4.2 Spectrum File Format
name
n i (qual)
comment = numCom
d1lab d1atm d1tol d1cor1 (prob1) d1cor2 (prob2) d1corC (probC)
d2lab d2atm d2tol d2cor1 (prob1) d2cor2 (prob2) d2corC (probC)
dnlab dnatm dntol dncor1 (prob1)
dncor2 (prob2) dncorC (probC)
** comments
** comments
p1coord1 p1coord2 p1coord3 p1ntens
* p1comment
p2coord1 p2coord2 p2coord3 p2ntens
* p2comment
picoord1 picoord2 picoord3 pintens
* picomment
name The
name of the spectrum. The name of a CONTRAST spectrum file is generally the
spectrum name with the '.con' suffix appended to it.
n The
dimensionality of the spectrum.
i The
number of peaks in the spectrum.
(qual) An
estimation of the quality of the spectrum couched in terms of a probability. A
qual
factor of 1.0 indicates that 100% of the expected peaks will be present in the
spectrum, and that very little noise (false peaks)
are present. A qual factor of 0.9
indicates that 90% of the expected peaks are
present.
comment = Text that indicates that the next field
(numCom) is the number of characters the
program should allocate for the comment associated
with each peak. 'ment =' is
italicized to indicate that only 'com' is needed to
signal that the next field is
numCom.
numCom The
number of characters that the program should allocate for the comment
associated with each peak.
d#lab The
label of the #'th dimension of the peaks in the spectrum.
d#atm The
resonance code (also called atom code) describing all of the atoms of the #'th
dimension of the peaks in the spectrum. Since some
dimensions of a spectrum
often detect several different resonances, wild
cards are frequently used in this
field. A description of resonance codes is found in
section @.@.
d#tol The
default tolerance of the #'th dimension of the peaks in a spectrum. A tolerance
is one-half of the resolution of that dimension.
d#cor## The
resonance code (also called atom code) of the #'th dimension of the ##'th
correlation in the spectrum. Correlations describe
the types of peaks that one
would expect to see in a spectrum. An HNCA spectrum,
for example, contains an
Hni,Nai,Cai correlation (amide proton, amide
nitrogen, alpha carbon) and an
Hni,Nai,Ca- correlation (amide proton, amide
nitrogen, alpha carbon from
previous residue). The last resonance code for a
given dimension will be repeated
if previous or subsequent dimensions contain more
resonance codes. A description
of resonance codes is found in section @.@.
(prob##) The estimated probability
of seeing the previous correlation in the spectrum.
Note that only the last
probability listed in a vertical column will be used to describe the
##'th correlation.
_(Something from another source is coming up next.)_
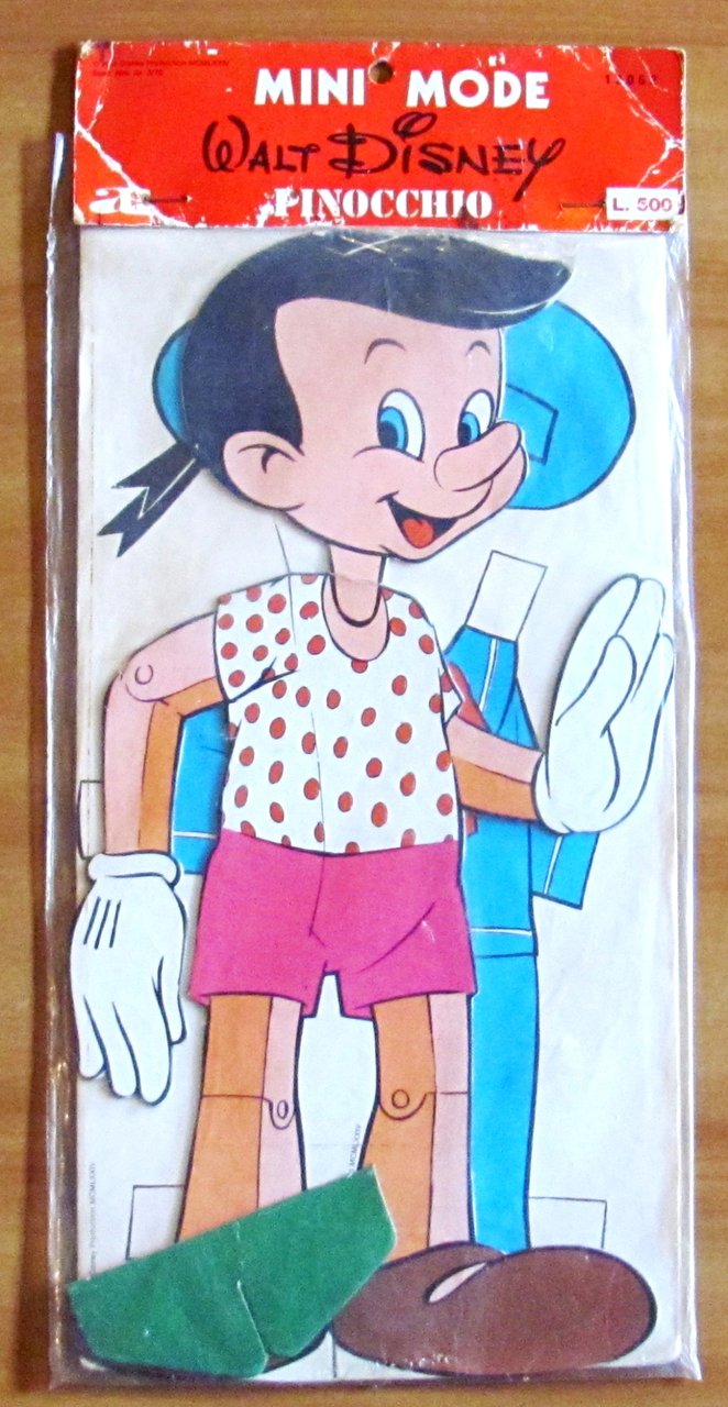 Walt Disney Mini Mode. Marionetta di Pinocchio inserita in custodia originale con diversi cambi di vestiti. Ed. Auguri di Mondadori - Verona, Marzo 1979. 18x38,5. Blisterato. Ottimo stato. , Ottimo (Fine)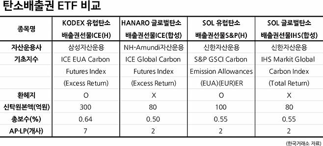 이들은 크게 유럽 탄소배출권 선물에 투자하는 KODEX 유럽탄소배출권선물ICE(H), SOL 유럽탄소배출권선물S&P(H)와 유럽 외 국가를 포함한 글로벌 탄소배출권 선물에 투자하는 HANARO 글로벌탄소배출권선물ICE(합성), SOL 글로벌탄소배출권선물IHS(합성)으로 나눌 수 있다.

Other probabilities are used only
to make the file more readable.
** Comment
markers. Comment markers indicate that the text that follows on that
line is a comment and should be ignored by the
program. Users are encouraged to
use comments to document the origin of the spectrum
files and each modification
that the files undergoe. Most CONTRAST functions
that modify a spectrum or
spectrum file will append a comment to the file that
tells what was done to the file
and the date it was done.
comments Any
text that the user wants to include in the file.
p##coord# The
#'th coordinate (frequency dimension) of the ##'th peak in the spectrum
(usually in ppm units).
p##ntens The
intensity of the ##'th peak in the spectrum.
* A
special peak comment marker that causes the program to read in the comment
and associate it with the peak that the comment
follows. The 'comment =
numCom'
line described above is used to specify the maximum number of
characters that can be stored in each peak comment.